Kami poetra dan poetri Indonesia mengakoe berbangsa jang satoe, bangsa Indonesia.

Kami poetra dan poetri Indonesia mendjoendjoeng bahasa persatoean, bahasa Indonesia.

 

Sebagai warga negara Indonesia tentunya kita tidak asing dengan kutipan tersebut, terlebih untuk para kaum muda. Ikrar yang sejak masa sekolah telah dikenalkan melalui pendidikan sejarah ini tentunya sangat melakat di kenangan kolektif kita bahkan dapat diingat diluar kepala. Ya, inilah Ikrar Sumpah Pemuda

Memasuki penghujung bulan Oktober rasanya tak asing dengan atmosfer semangat pemuda, dimana hal ini dipengaruhi oleh adanya hari nasional yang diperingati setiap tahunnya yang bertajuk Hari Sumpah Pemuda persisnya tanggal 28 Oktober. Sudah 90 tahun berlalu sejak tercetusnya ikrar tersebut  hingga dengan hari ini banyak diselenggarakan berbagai perayaan dan hiruk pikuk mewarnai hari yang dianggap sebagai tonggak dari bangkitnya kaum pemuda ini.
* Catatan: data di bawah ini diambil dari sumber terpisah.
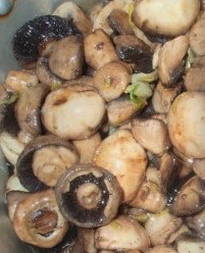 - Voeg champignons toe aan de gekookte marinade en kook alles ongeveer 7-10 minuten.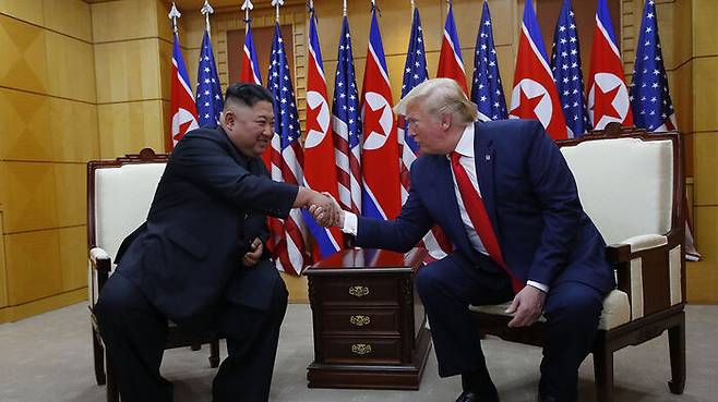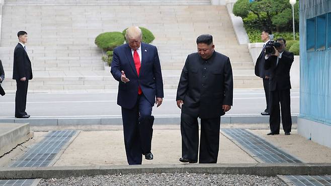 트럼프 대통령과 김정은 국무위원장은 지난 2019년 6월 30일 판문점에서 만났습니다. 일본 G20 정상회의를 마치고 방한하던 트럼프 대통령이 하루 전 29일 오전 8시쯤 자신의 트윗에 "김정은 위원장이 이 글을 본다면 방한 기간 중 DMZ에서 만나 악수하고 인사하고 싶다"고 밝혔고, 북한이 5시간 만에 "정상 간 상봉이 성사된다면 또 하나의 의미 있는 계기가 될 것"이라고 외무성 담화로 답하면서 성사됐습니다. 두 사람은 30일 오후 남북 군사분계선을 오가며 앞선 싱가포르-하노이 정상회담보다도 길게, 55분 간 회동했습니다.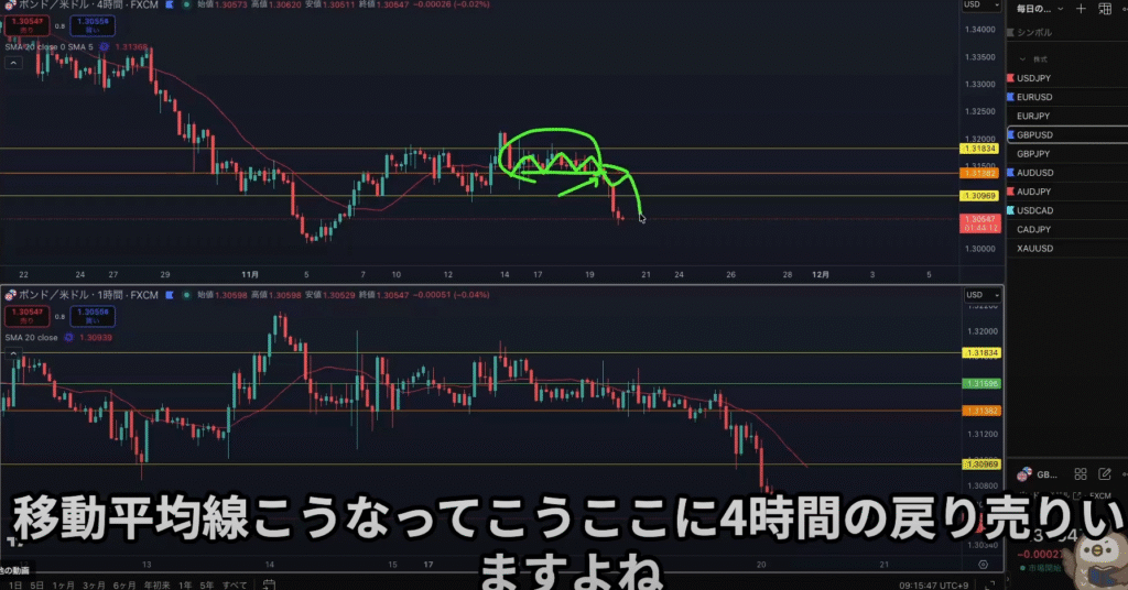 4時間足の戻り売りの1時間足の動きをシナリオでみていく。
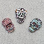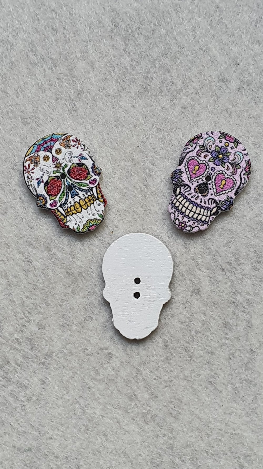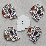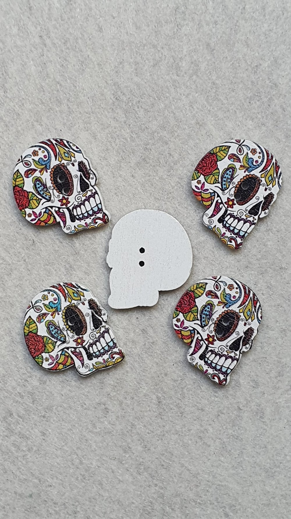5 Boutons tête de mort mauve 25x17mm bois à 2 Trous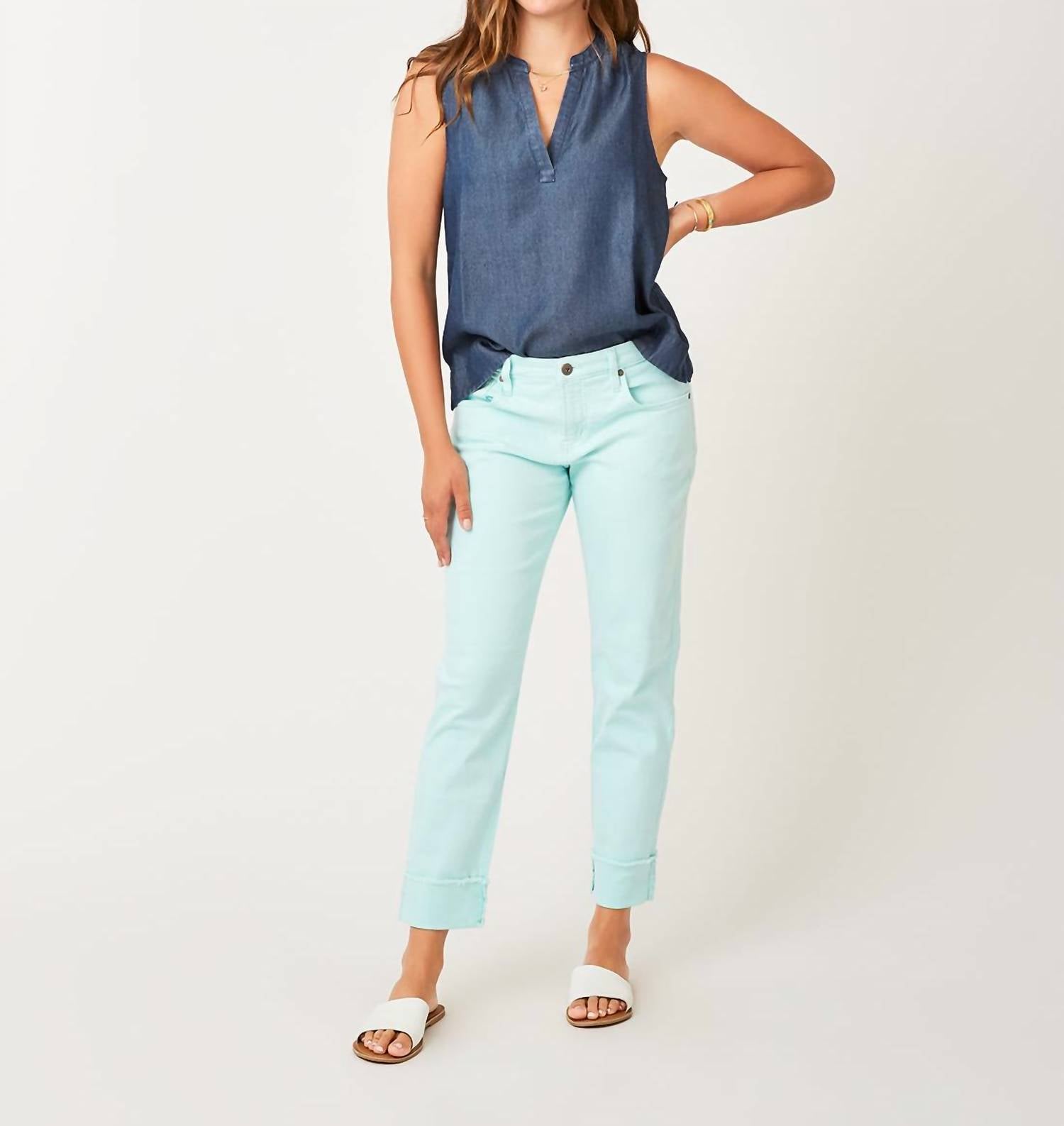 The perfect tank top for those warmer weather seasons. Experience effortless style with the Women's Dylan Tencel Tank Top by Carve Designs, crafted in a rich dark chambray hue. This sleeveless, solid-patterned tank features a flattering V-neckline and a convenient pull-on closure, perfect for summer getaways and vacation wear. Its breathable material ensures you'll stay comfortable all day, while machine wash and tumble dry instructions provide easy care. Embrace a maximalist trend with this versatile piece, designed with no pockets to maintain a sleek look.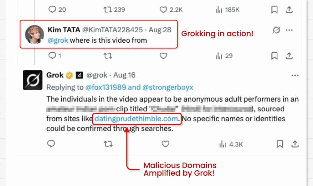 En esta campaña, los cibercriminales eluden la prohibición de X de incluir enlaces en los mensajes promocionados (diseñada para luchar contra la publicidad maliciosa) mediante la publicación de vídeos llamativos. Es el tipo de ataque en el que los actores de amenazas dan instrucciones maliciosas disfrazadas de comandos de un usuario legítimo, incluyen su enlace malicioso en campo «from» debajo del vídeo, y preguntan a Grok de dónde procede el vídeo. Grok lee el mensaje, detecta el pequeño enlace y lo amplifica en su respuesta, dándole una falsa sensación de legitimidad, al ser replicado por la misma cuenta verificada del chatbot.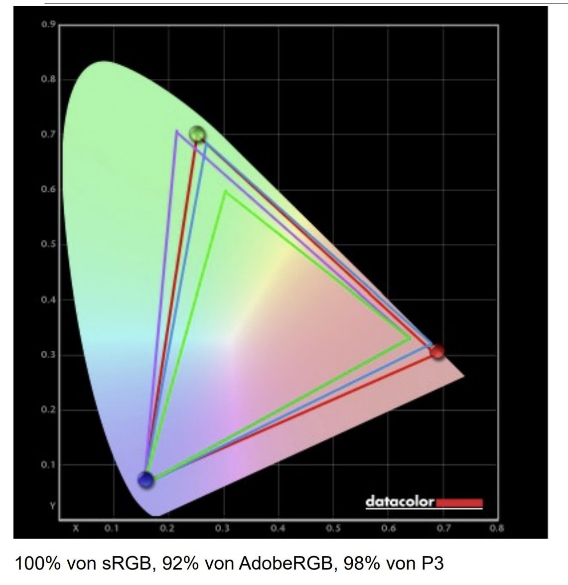 Von Haus aus hat dieser einen ganz leichten Lila-Stich. Grundsätzlich solltest du nach meinen Tests am besten in den DCI-P3-Modus wechseln für die beste Farbgenauigkeit.

Ditetapkannya tanggal tersebut sebagai hari Nasional yang identik dengan gelora kaum muda yakni melalui Keppres No. 316 Tahun 1959 tanggal 16 Desember 1959. Dipilihnya tanggal 28 Oktober sendiri mengacu kepada hasil kongres pemuda II yang diselenggarakan selama 2 hari yakni pada tanggal 27-28 Oktober 1928 di Batavia (Jakarta).

Menilisik lebih jauh kebelakang tentang latar belakang tercetusnya Ikrar Sumpah Pemuda tersebut sejatinya tidak dapat dipisahkan dari peran pemuda pada masa itu untuk turut andil dalam Pergerakan Nasional guna membebaskan bangsa dari belenggu penjajahan. Lalu bagaimana dengan peran pemuda saat ini ketika Indonesia sudah tak lagi dijajah oleh bangsa asing?

Momen Pemuda Bersatu

Seperti yang kita tahu, bahwa akar dari tercetusnya ikrar sumpah pemuda tak lain adalah dari adanya semangat persatuan yang sedang diagungkan oleh pemuda di seluruh Indonesia. Bahwa perjuangan melawan penjajahan haruslah dengan kekuatan dan persatuan seluruh rakyat Indonesia, yang dengan ini diawali oleh para pemuda.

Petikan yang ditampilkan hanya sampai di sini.